● Assignment
In the answer, give the entries below exactly, from the first line through the line with "TEHNO PARTS, сервисный", with every picture omitted.

● Input data
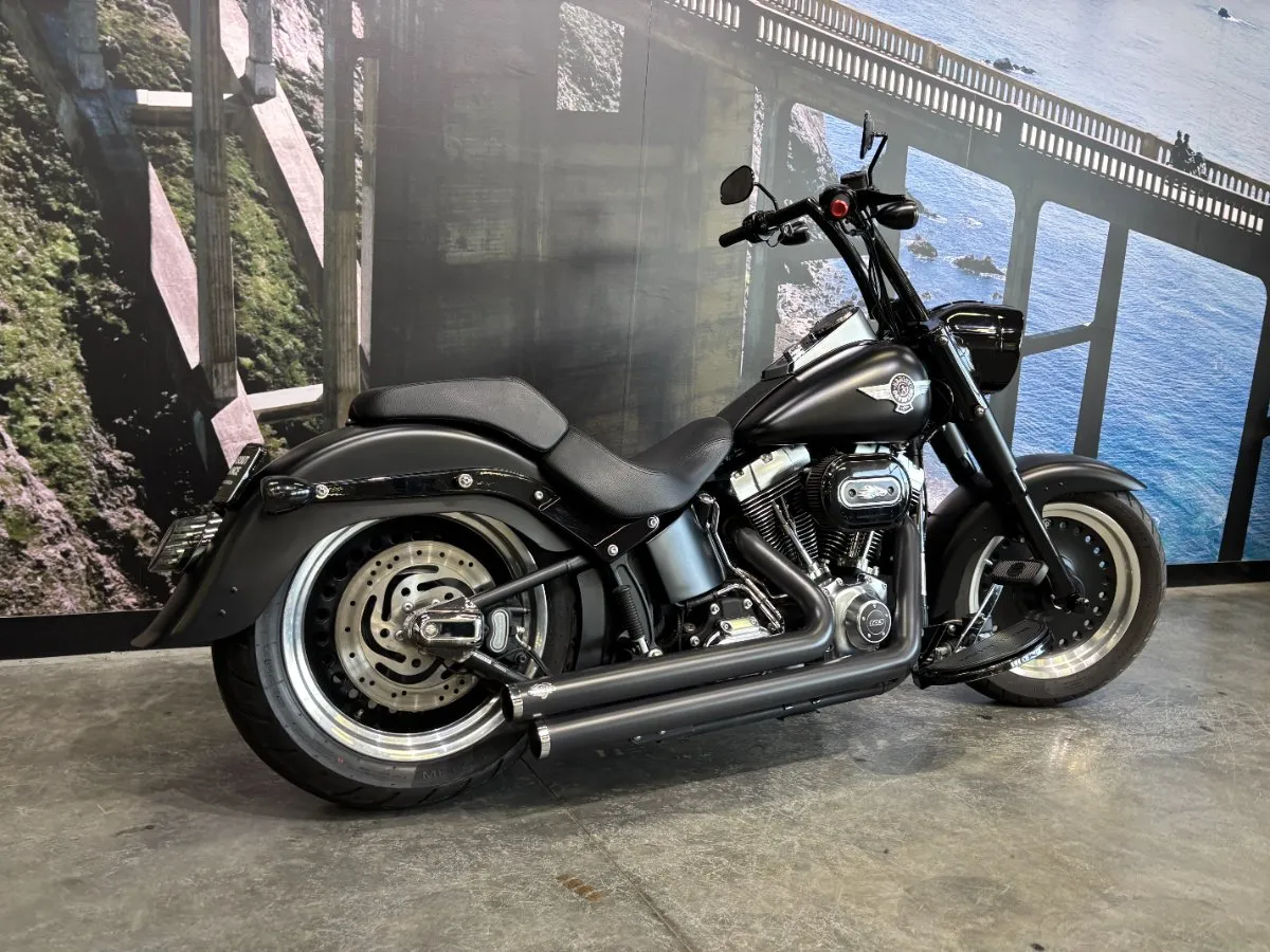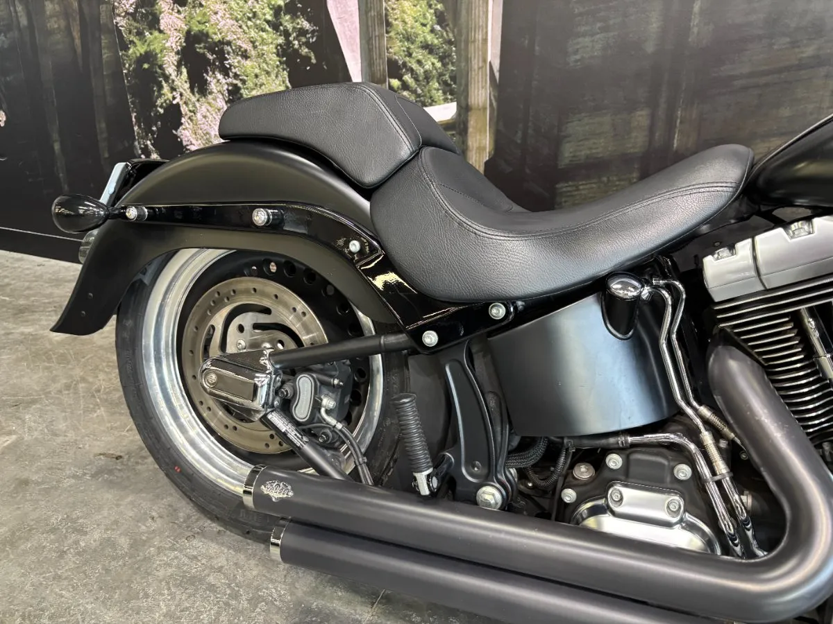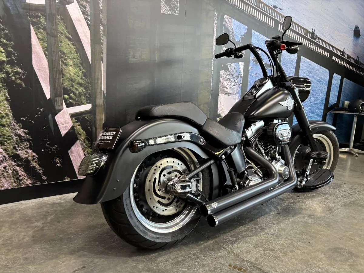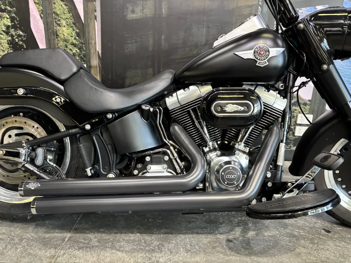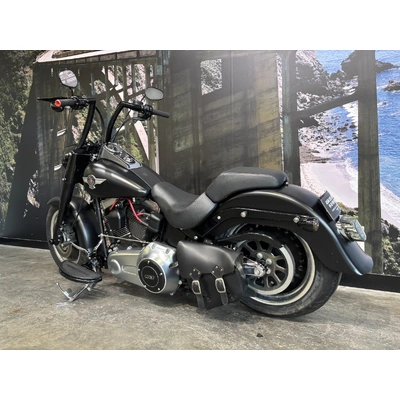 2013 HARLEY-DAVIDSON 1700CC FLSTFB FAT BOY LO FINISHED IN HARLEY-DAVIDSON DENIM BLACK PAINT & ALLOY TRIM, WHAT AN INCREDIBLE COMBINATION!! THE 103 ENGINE IS COMPLIMENTED WITH A SET OF VANCE & HINES BLACK BIG SHOTS STAGGERED PIPES & SCREAMIN EAGLE AIR INTAKE, THIS BLACK BEAUTY SOUNDS CRAZY!! 14 INCH BURLEIGH BARS, LED HEADLIGHT, BLACKED OUT FORKS & CONTROLS ALONG WITH A LAY DOWN PLATE ON THE REAR GIVES THIS FAT BOY LO LOOKS UNREAL!! THIS BAD BOY ALSO COMES WITH REAR AIR RIDE, GET READY TO TURN HEADS WITH THIS AWESOME FAT BOY LO!!
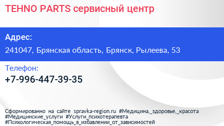 TEHNO PARTS, сервисный центр по адресу 241047, Брянская область, Брянск, Рылеева, 53 в дальнейшем Организация, размещена в следующих категориях:
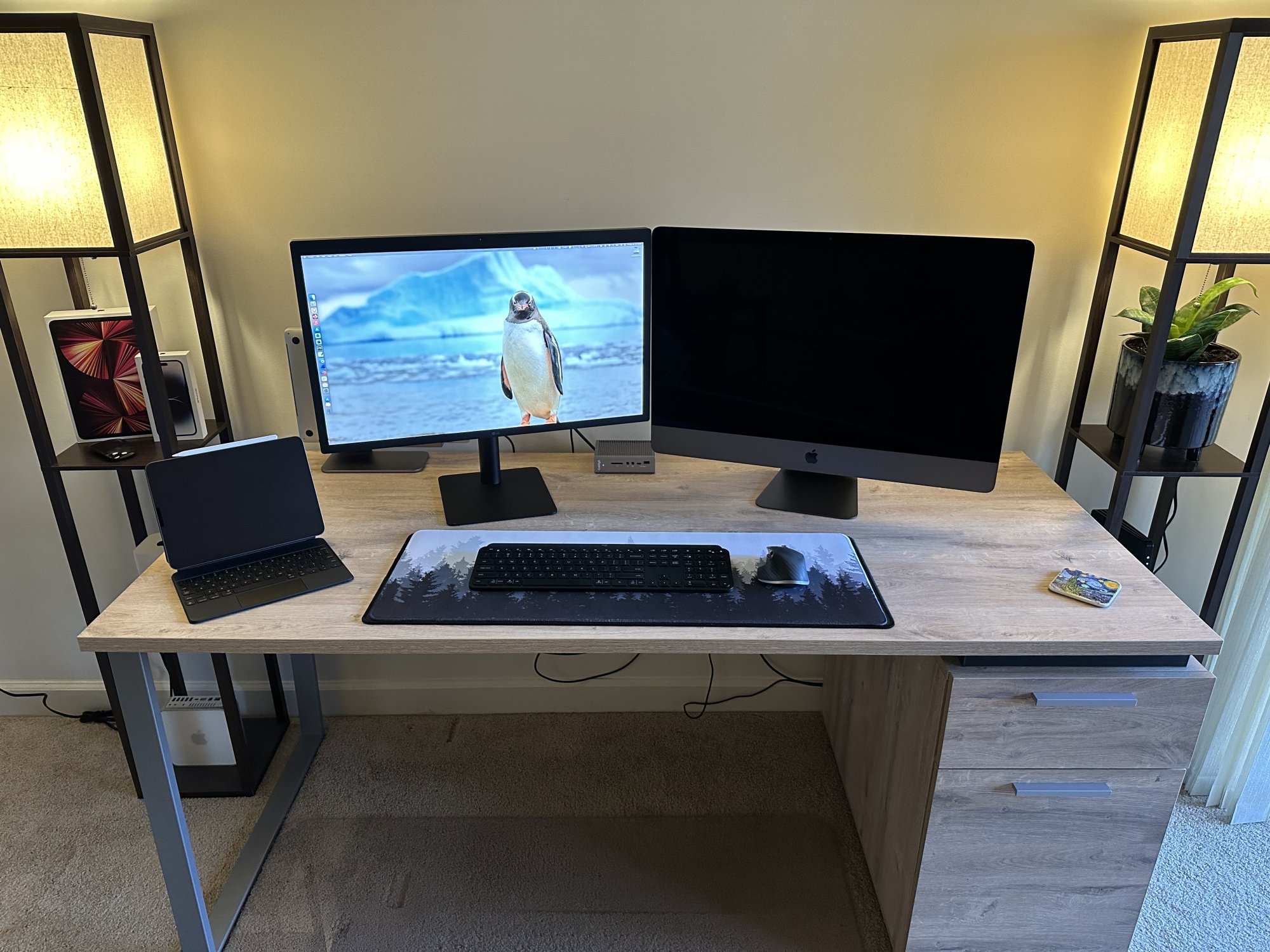 Put together a new desk. Still got some tidying up to do with the cables. On the right is my work iMac Pro, left is an LG 27-inch UltraFine 5K hooked up to a 2019 16-inch MacBook Pro. This laptop will eventually be replaced by either a Mac Mini (if refreshed and can get 24 or 32GB of RAM) or a base Mac Studio. Still got some work to do with the overall set up of my office space, but its coming along nicely.
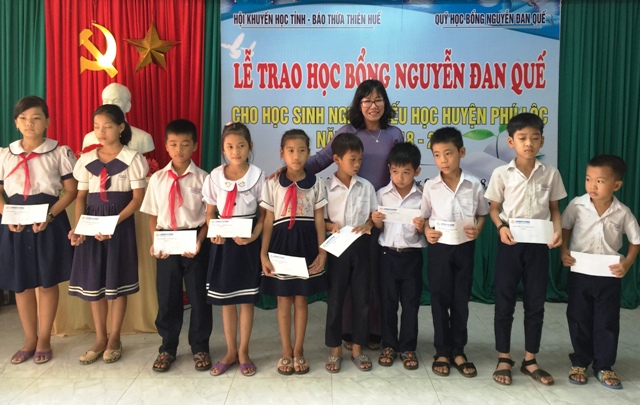 Cụ Nguyễn Đan Quế (đã mất) là một nhà giáo từng dạy học tại Phú Lộc. Thực hiện tâm nguyện của ông nội, doanh nhân Nguyễn Đình Thắng đã dành 40 suất học bổng trị giá 20 triệu đồng để trao cho các em học sinh nghèo thuộc huyện Phú Lộc.
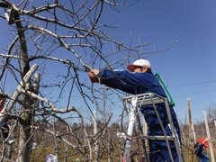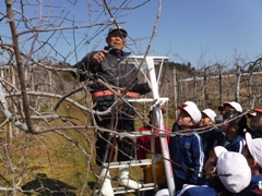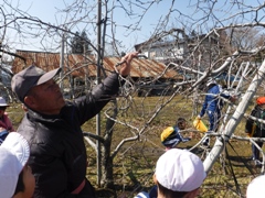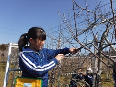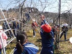2月16日(木)、3年生が今年度最後のりんご園での活動を行いました。今日はりんごの木の剪定です。相樂先生にご指導いただきながら丁寧に枝を見極めて切り落としました。春の準備です。
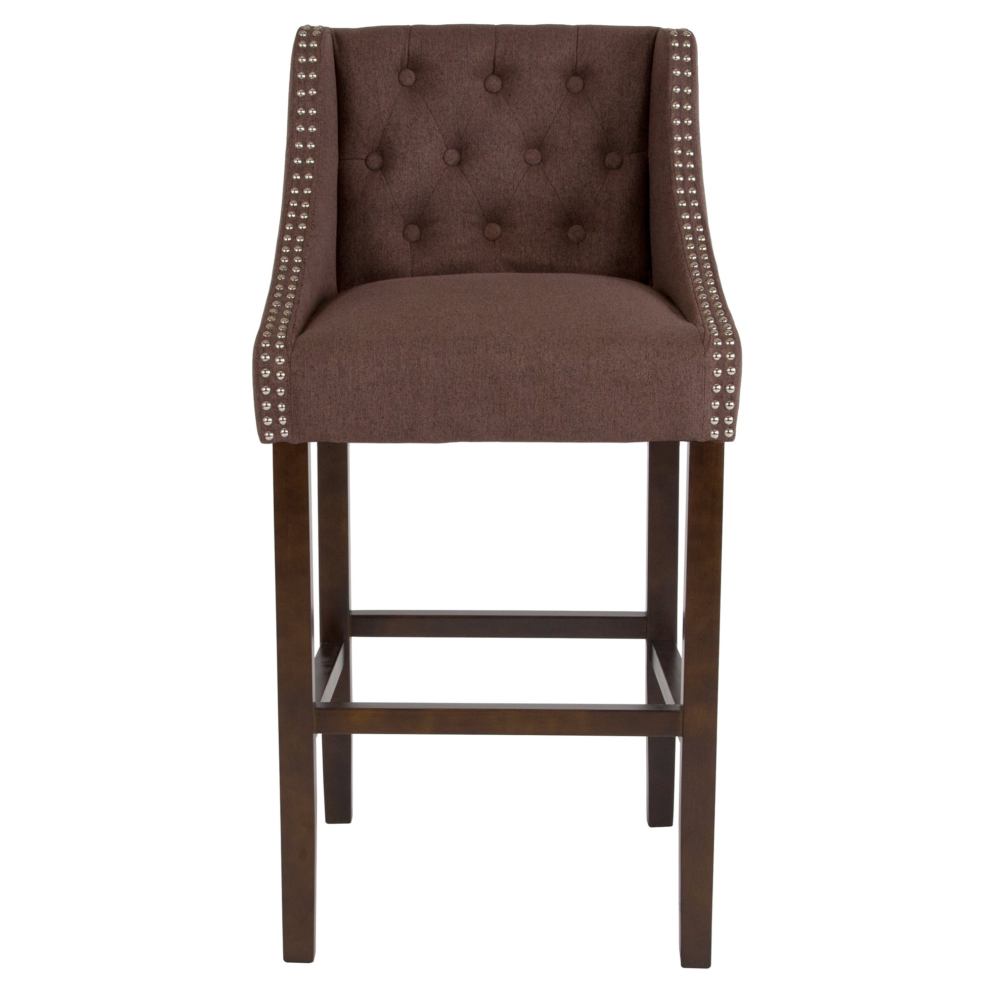 Carmel Series 30" High Transitional Tufted Walnut Barstool with Accent Nail Trim in Brown Fabric Dimensions: 20"W x 22"D x 42"H

● Exercise response
 2013 HARLEY-DAVIDSON 1700CC FLSTFB FAT BOY LO FINISHED IN HARLEY-DAVIDSON DENIM BLACK PAINT & ALLOY TRIM, WHAT AN INCREDIBLE COMBINATION!! THE 103 ENGINE IS COMPLIMENTED WITH A SET OF VANCE & HINES BLACK BIG SHOTS STAGGERED PIPES & SCREAMIN EAGLE AIR INTAKE, THIS BLACK BEAUTY SOUNDS CRAZY!! 14 INCH BURLEIGH BARS, LED HEADLIGHT, BLACKED OUT FORKS & CONTROLS ALONG WITH A LAY DOWN PLATE ON THE REAR GIVES THIS FAT BOY LO LOOKS UNREAL!! THIS BAD BOY ALSO COMES WITH REAR AIR RIDE, GET READY TO TURN HEADS WITH THIS AWESOME FAT BOY LO!!
 TEHNO PARTS, сервисный центр по адресу 241047, Брянская область, Брянск, Рылеева, 53 в дальнейшем Организация, размещена в следующих категориях:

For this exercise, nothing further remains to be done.